WHAT TO DO: Look below for the line that contains "Plus Size Coconut", and write out exactly that line and all remaining lines of the listing, omitting pictures.

COLLECTED MATERIAL:
· · ·

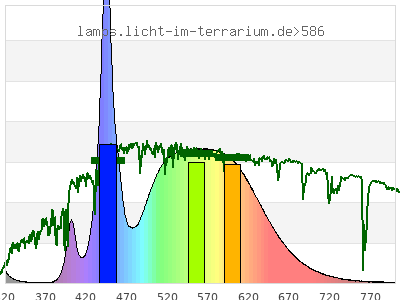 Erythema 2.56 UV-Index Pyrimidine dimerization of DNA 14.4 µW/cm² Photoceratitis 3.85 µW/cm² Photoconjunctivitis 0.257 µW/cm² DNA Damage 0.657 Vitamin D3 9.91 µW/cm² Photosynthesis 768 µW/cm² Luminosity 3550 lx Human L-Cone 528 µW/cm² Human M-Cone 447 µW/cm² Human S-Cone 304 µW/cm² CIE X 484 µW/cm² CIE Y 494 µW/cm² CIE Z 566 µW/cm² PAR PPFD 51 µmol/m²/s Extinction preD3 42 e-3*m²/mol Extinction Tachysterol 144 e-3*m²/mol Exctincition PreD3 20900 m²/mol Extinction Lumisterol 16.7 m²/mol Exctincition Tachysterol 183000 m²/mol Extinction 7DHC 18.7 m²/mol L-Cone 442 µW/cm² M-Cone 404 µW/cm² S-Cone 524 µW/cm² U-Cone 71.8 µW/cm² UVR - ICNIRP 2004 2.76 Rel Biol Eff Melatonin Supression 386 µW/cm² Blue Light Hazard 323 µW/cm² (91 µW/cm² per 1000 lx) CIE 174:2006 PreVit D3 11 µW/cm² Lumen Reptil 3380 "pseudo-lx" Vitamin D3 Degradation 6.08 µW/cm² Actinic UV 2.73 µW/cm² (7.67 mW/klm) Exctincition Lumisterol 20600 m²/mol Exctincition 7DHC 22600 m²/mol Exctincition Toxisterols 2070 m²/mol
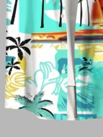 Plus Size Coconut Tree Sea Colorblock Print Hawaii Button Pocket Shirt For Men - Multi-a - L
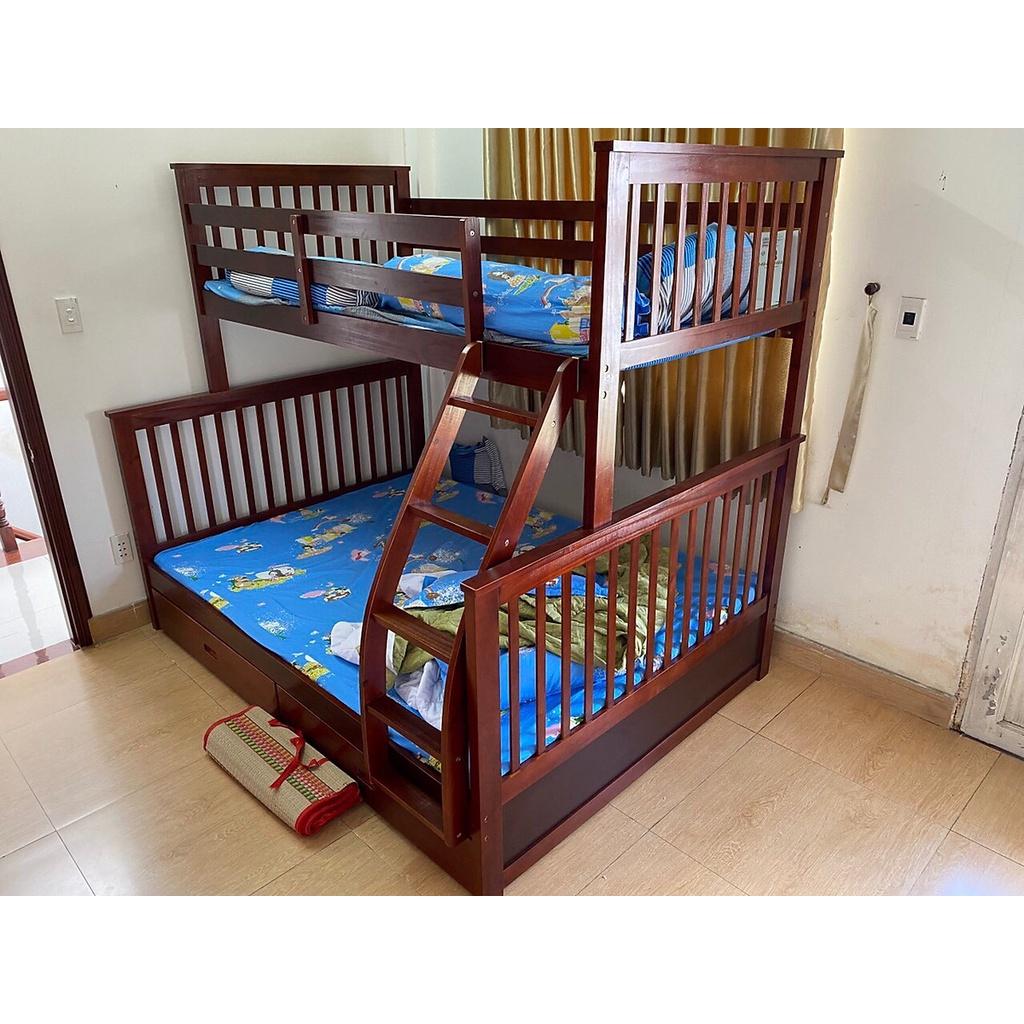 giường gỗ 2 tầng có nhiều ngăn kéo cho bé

· · ·

SOLUTION FOR THIS PROBLEM:
 Plus Size Coconut Tree Sea Colorblock Print Hawaii Button Pocket Shirt For Men - Multi-a - L
 giường gỗ 2 tầng có nhiều ngăn kéo cho bé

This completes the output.